Ammon News - Science fiction films have been getting it pretty close.

NASA has recorded the sound of a black hole for the first time ever - and it sounds eerie. The amazing feat was achieved as a result of the "echoes", which are space phenomena released in the form of X-rays.

In 2003, NASA’s Chandra X-ray Observatory detected the waves in the Perseus galaxy cluster. Now, they have been converted from data into sound waves for NASA's Black Hole Week 2022, Express.co.uk reports.

NASA said in a statement: "In some ways, this sonification is unlike any other done before because it revisits the actual sound waves discovered in data from NASA's Chandra X-ray Observatory.

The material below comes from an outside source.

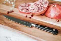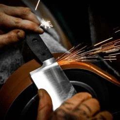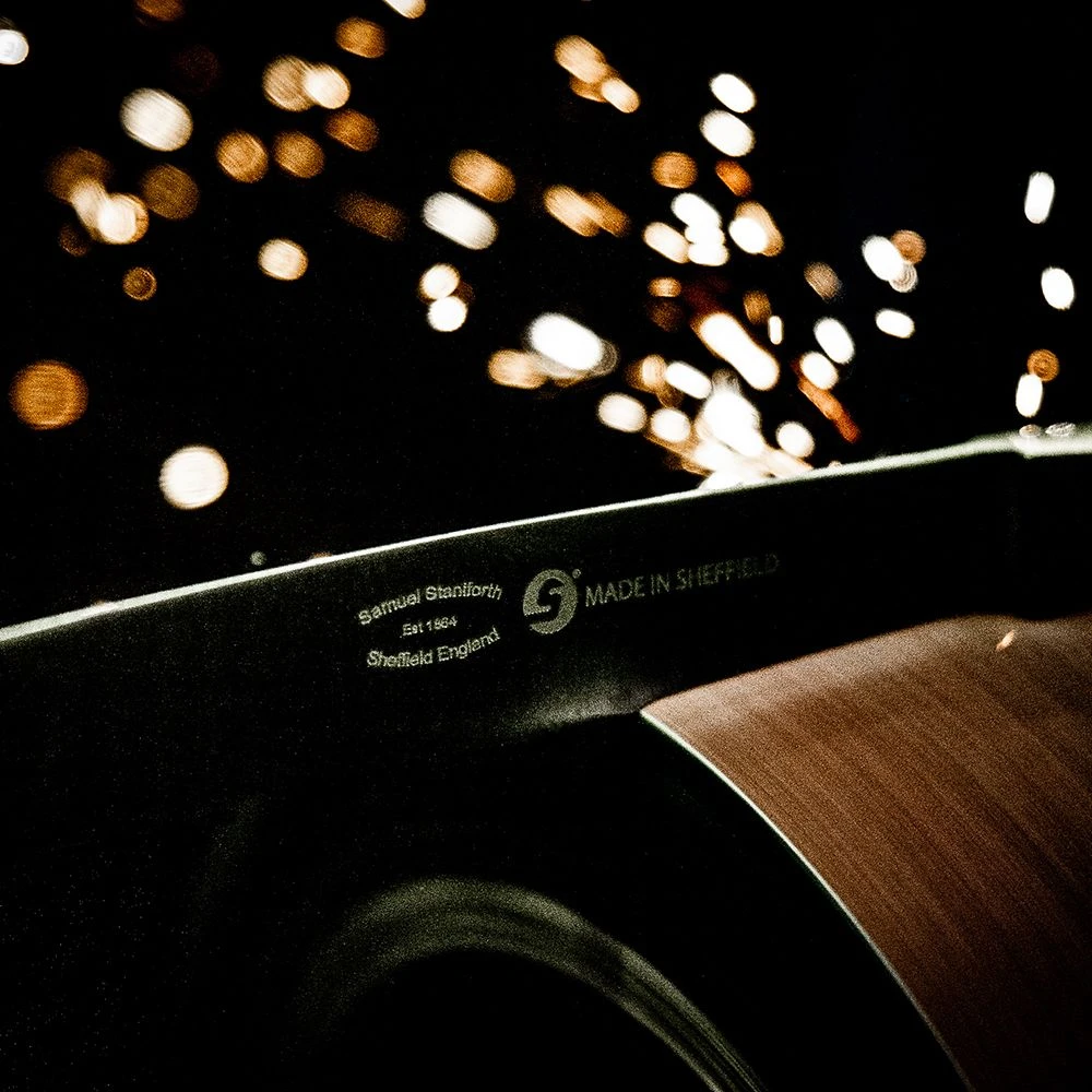 Samuel Staniforth ‘Chef’ range knives boast a traditional style of Sheffield knives. This includes the fully forged blade, forged by hand, brass rivets are secured by hand which will permanently secure the handle to the tang. The chef range, features a round bolster which counter balances the knife to ensure it can be the perfect ally in the kitchen.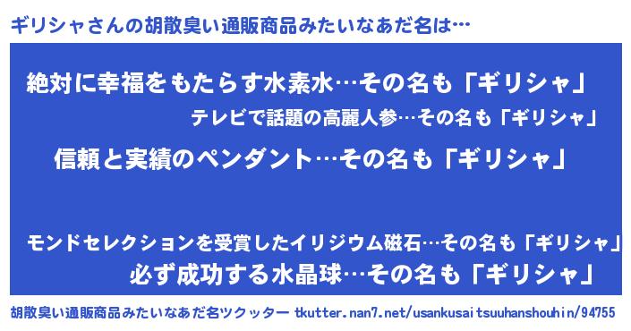 | ヘコむあだ名 | 『ギリぷりん』『ギリシャ(小並感)』 |

The popular misconception that there is no sound in space originates with the fact that most of space is essentially a vacuum, providing no medium for sound waves to propagate through.

"A galaxy cluster, on the other hand, has copious amounts of gas that envelop the hundreds or even thousands of galaxies within it, providing a medium for the sound waves to travel."

In addition to the Perseus galaxy cluster, a new sonification was released of the black hole in Messier 87, or M87. This black hole gained celebrity status in science after an image was released from the Event Horizon Telescope (EHT) project in 2019.

NASA added: "The sound waves were extracted in radial directions, that is, outwards from the centre. The signals were then synthesised into the range of human hearing by scaling them upward by 57 and 58 octaves above their true pitch.

"Another way to put this is that they are being heard 144 quadrillion and 288 quadrillion times higher than their original frequency."

Black holes are regions of spacetime that are formed when massive stars collapse at the end of their lives and can continue to grow by absorbing and merging with other black holes. This interaction has been observed for decades and scientists use it to identify their presence, as radiation is given off as visible light across space.

Astronomers have previously declared that gravity is so strong inside the cosmic phenomena's boundary that nothing – not even light – can escape from its event horizon. In addition to the supermassive black hole at its core, the Milky Way is believed to contain tens of millions of stellar black holes.